Unless otherwise mentioned, all purification steps were performed at 4 °C. The cells were harvested, washed, and suspended in 50 mM Tris–HCl buffer (pH 8.0) (buffer A). The cells were sonicated on ice and centrifuged (20,000g, 30 min), followed by ultracentrifugation (100,000g, 30 min) to remove cell debris. The supernatant was brought to 30–40% saturation with saturated (NH4)2SO4 solution on ice. The precipitated proteins were recovered by centrifugation (20,000g, 15 min) and resuspended in a minimal volume of buffer A, and dialyzed against 2 l of buffer A twice. The desalted protein solution was applied to a Resource Q column (Amersham Biosciences) equilibrated with buffer A. Proteins were eluted with an increasing linear gradient of 0–400 mM NaCl. Fractions with activity were concentrated 5-fold and applied to a gel filtration column (Superdex 200 HR 10/30; Amersham Biosciences) equilibrated with 100 mM HEPES buffer (pH 7.5) containing 150 mM NaCl. The apparent homogeneity of the purified protein was confirmed by sodium dodecylsulfate–polyacrylamide gel electrophoresis [18,19] and Coomassie Brilliant Blue staining [18]. The native molecular mass of allophanate hydrolase was determined by gel filtration chromatography with a Superdex 200 HR 10/30 column as described elsewhere [1].
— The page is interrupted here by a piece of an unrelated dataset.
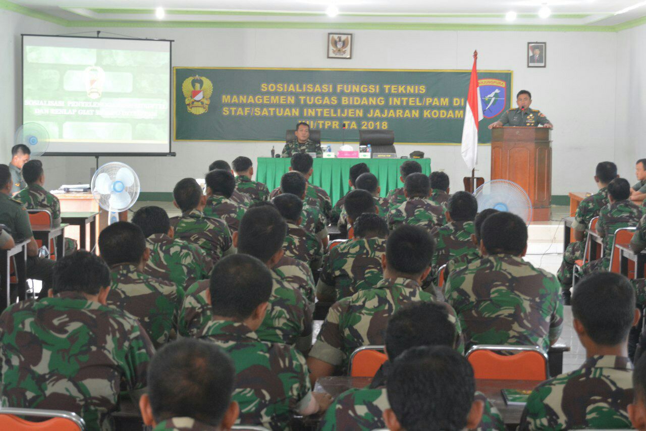 Komando Daerah Militer (Kodam) XII/Tanjungpura menyelenggarakan kegiatan Sosialisasi Fungsi Teknis Manajemen Tugas Bidang Intel Pengamanan

2.3 Preparation of potassium allophanate

Potassium allophanate was synthesized by saponification of ethyl allophanate (TCI, Tokyo, Japan) with potassium hydroxide [16]. The actual amount of allophanate produced was determined as follows. Synthesized allophanate was added into reaction mixtures (1 ml) at calculated concentrations of 0 (control reaction), 1, 2, 3, or 4 mM, that included 100 mM HEPES (pH 7.5) and 3.0 U of purified O. sagaranensis allophanate hydrolase. The reaction mixtures were incubated at 37 °C until allophanate was completely converted (15 min), and the amounts of ammonia produced were determined using NH3 Kit (Wako, Osaka, Japan). The actual amount was estimated as 65.8% of the calculated value, and all concentrations of allophanate mentioned below represent the actual values.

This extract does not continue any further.